A movement is gathering speed in Europe toward the wholesale regulation of used and refurbished medical equipment. COCIR, the European Coordination Committee of the Radiological, Electromedical, and Healthcare IT Industry, is now going on its third edition of a green paper titled "Good Refurbishment Practice For Medical Equipment." The document represents an official push for universal standards, additional reporting, post-market surveillance and greater control over the lifecycle of equipment, which, if implemented, could have a dramatic impact on the financial livelihood of independent sales and service companies.

DOTmed has spoken with members of both the European and Japanese radiological communities and the consensus is that the used market is still relatively a fledgling segment of the industry in Europe, but one that may be growing of necessity. Economic pressures could increase competition and provide an opportunity for independent brokers, dealers, and refurbishing and service organizations to overtake some market share.

In the 2007 first edition of the COCIR green paper, COCIR president Heinrich Von Wulfen wrote in his foreword that, "in recent years, some regional health care markets have been flooded with used medical equipment of questionable and inconsistent quality," and this was the principle reason for advocating more rigorous regulation.

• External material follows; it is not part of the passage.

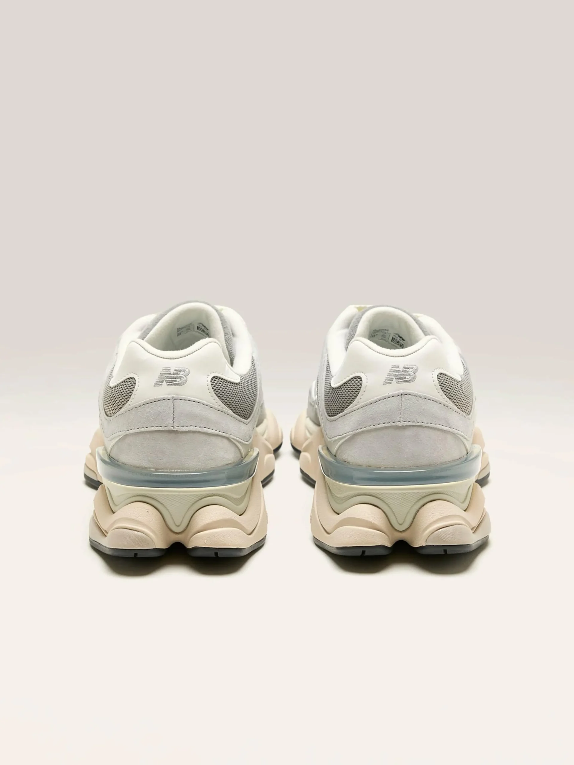 De New Balance 9060 sneakers hebben een technisch bovenwerk van leder, suède en mesh, een dempende middenzool en een buitenzool met een diamanten patroon..
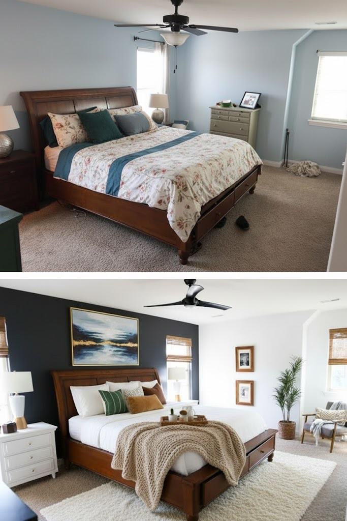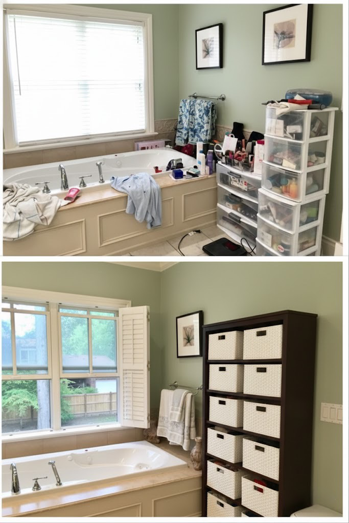 By Day 10, she added soft touches: fresh towels, simple décor, and functional storage, making the space feel inviting and serene.

The statement aroused dismay and a number of people have expressed that they felt the language showed the industry in a bad light, as if it were filled with predatory short-term profit traders.

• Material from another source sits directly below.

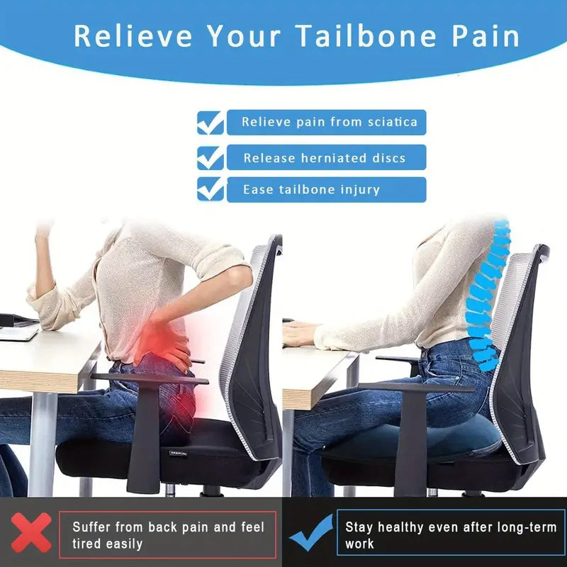 Transform your seating experience with our Orthopedic Comfort Memory Foam Seat Cushion. Designed with your comfort in mind, this cushion provides exceptional support for your buttocks and tailbone, making it perfect for long hours spent in the office, driving, or practicing yoga. Its innovative design alleviates pressure, helping to prevent discomfort from prolonged sitting while enhancing your overall posture.
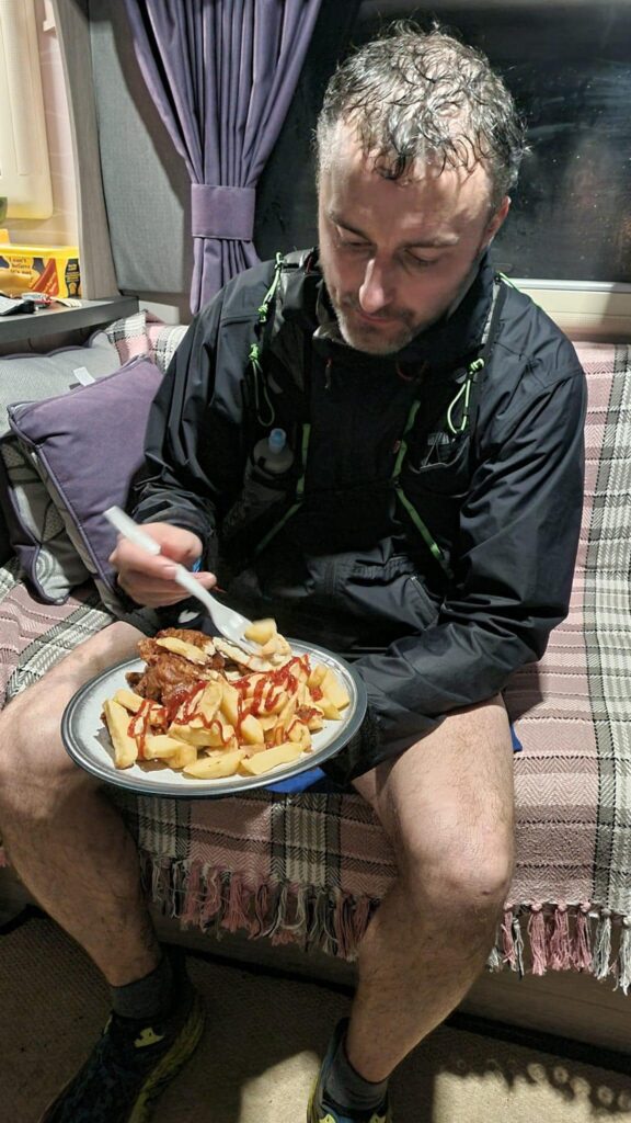 I didn’t take any time off work on the lead up to this challenge as I didn’t want to be sat around all day thinking about it. other races I tend to take at least a day off for checking weather, checking my kit and making any last minute adjustments for the weather and also spend some time looking at the route again. I resided to that fact that a know the route, even if it was clagged out, sea threat or downpours all day/night. I’m 30-45 mins away from my next food stop or change of clothes and I’ll have my support crew around me.

IAMERS, the International Association of Medical Equipment Remarketers and Services, first acted by writing to the U.S. Food and Drug Administration to verify whether any such regional dumping of sub-standard equipment had occurred. The FDA responded stating that a diligent search was conducted of official records for fiscal years 2007 and 2008, which revealed no pattern of adverse event reports or incidents indicating that refurbished and remarketed devices had been associated with or had contributed to a death, serious injury, or malfunction. Accordingly, IAMERS requested that COCIR remove the troubling language from its report and COCIR granted their request. "We felt that it was not the best way to portray the industry," remarked IAMERS President Diana Upton.